[Items from a dataset]
:::
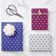 Polka Dots Pattern Set of 3 Blue Burgundy Gray Wrapping Paper Sheets
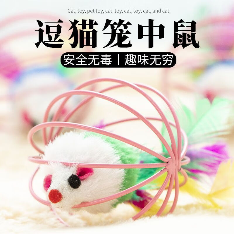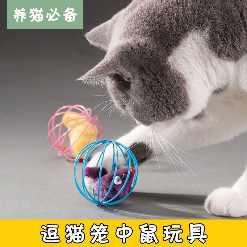 猫玩具笼中鼠囚笼羽毛尾巴老鼠耐抓耐咬大号铃铛球形猫咪自嗨玩具 养猫【消除无聊 结实耐玩】 活动:买一餸一【共2个】马上结束
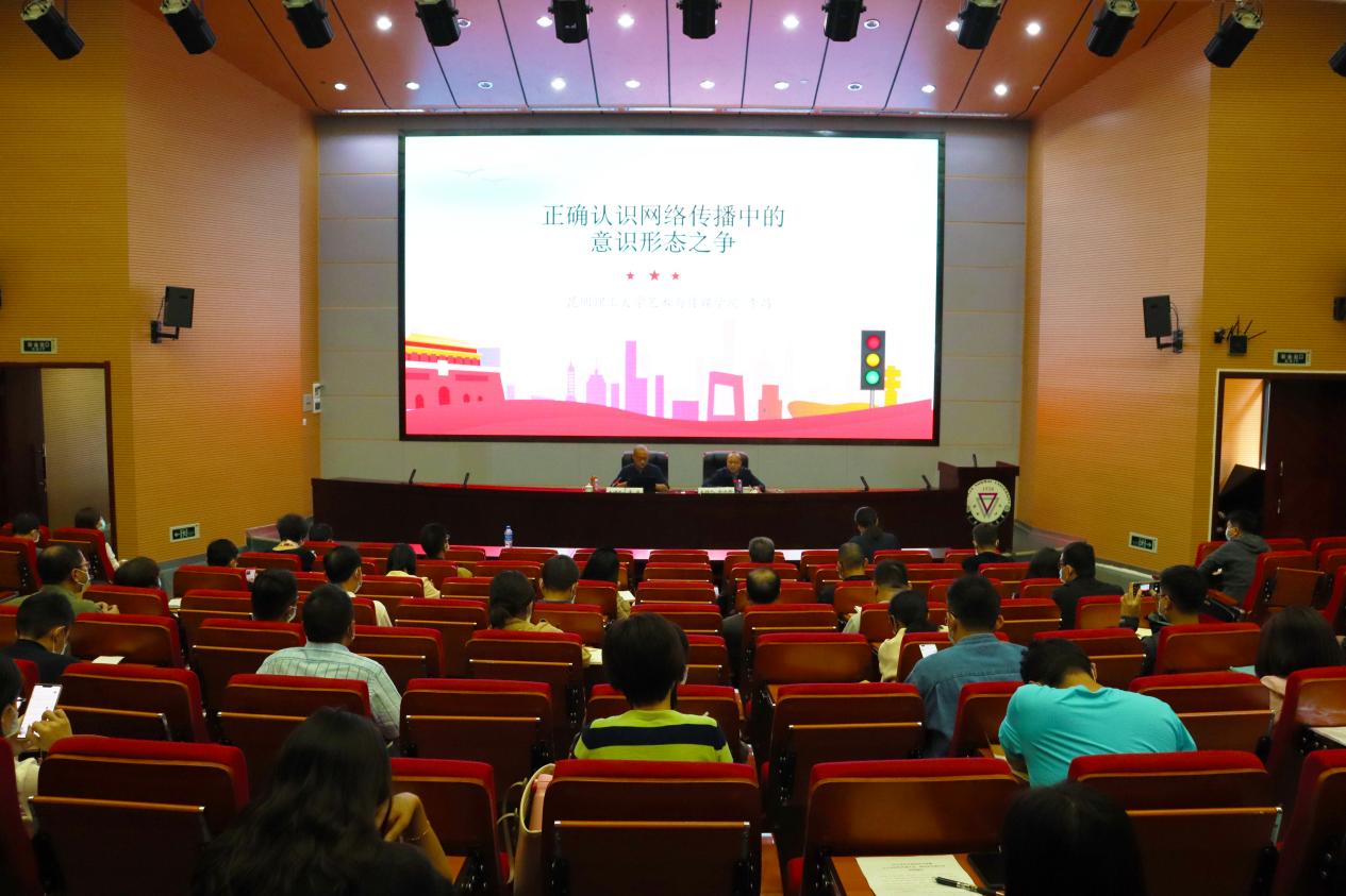 10月6日下午,“云岭大讲堂·云南师大讲坛”第四讲在呈贡校区西边中心报告厅开讲。昆明理工大学李昌教授为大家带来“正确认识网络传播中的意识形态之争”专题宣讲。各单位分管意识形态工作领导及各学院(部)学生工作办公室主任、团委书记参加讲座。讲座由党委宣传部部长余冰释主持。
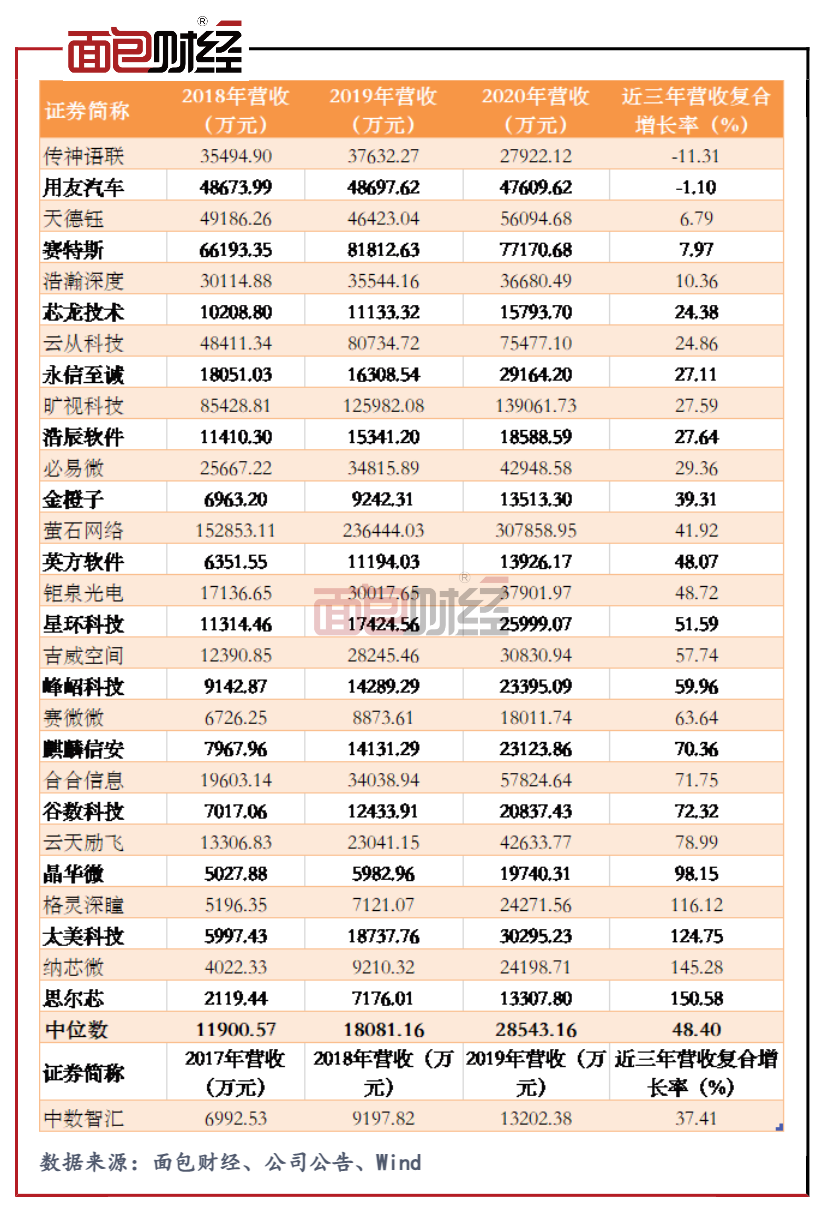 从绝对值方面考量,思尔芯、金橙子、英方软件等公司2020年的营收不达2亿元。截至2020年,萤石网络产生营收30.79亿元,规模在行业新股中居首,该公司近三年的营收年复合增长率超过四成,虽略低于行业中位值。
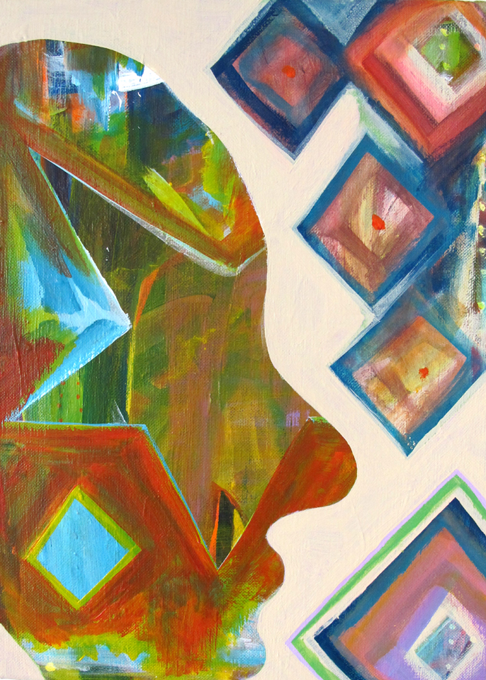 ○タイトル : スケートボーダー ○製作年 : 2013○サイズ : 33.3cm×24.2cm キャンバス○画材 : アクリル絵の具○エピソード : スケートボーダーの内なる秘めた精神のイメージ。
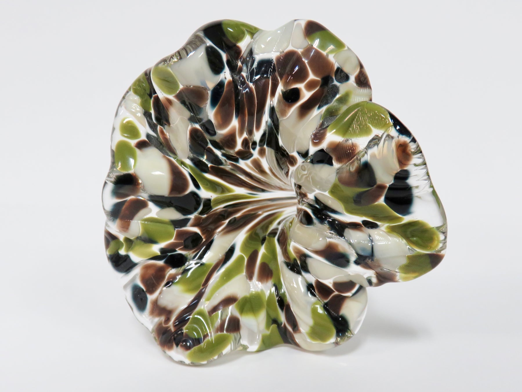 Hand blown with matching flower, sage green with brown and white speckles, tear drop shape (2 pcs)
:::
== Task objective ==
Every record above must be repeated exactly, with the pictures dropped.

== Response to the task ==
 Polka Dots Pattern Set of 3 Blue Burgundy Gray Wrapping Paper Sheets
 猫玩具笼中鼠囚笼羽毛尾巴老鼠耐抓耐咬大号铃铛球形猫咪自嗨玩具 养猫【消除无聊 结实耐玩】 活动:买一餸一【共2个】马上结束
 10月6日下午,“云岭大讲堂·云南师大讲坛”第四讲在呈贡校区西边中心报告厅开讲。昆明理工大学李昌教授为大家带来“正确认识网络传播中的意识形态之争”专题宣讲。各单位分管意识形态工作领导及各学院(部)学生工作办公室主任、团委书记参加讲座。讲座由党委宣传部部长余冰释主持。
 从绝对值方面考量,思尔芯、金橙子、英方软件等公司2020年的营收不达2亿元。截至2020年,萤石网络产生营收30.79亿元,规模在行业新股中居首,该公司近三年的营收年复合增长率超过四成,虽略低于行业中位值。
 ○タイトル : スケートボーダー ○製作年 : 2013○サイズ : 33.3cm×24.2cm キャンバス○画材 : アクリル絵の具○エピソード : スケートボーダーの内なる秘めた精神のイメージ。
 Hand blown with matching flower, sage green with brown and white speckles, tear drop shape (2 pcs)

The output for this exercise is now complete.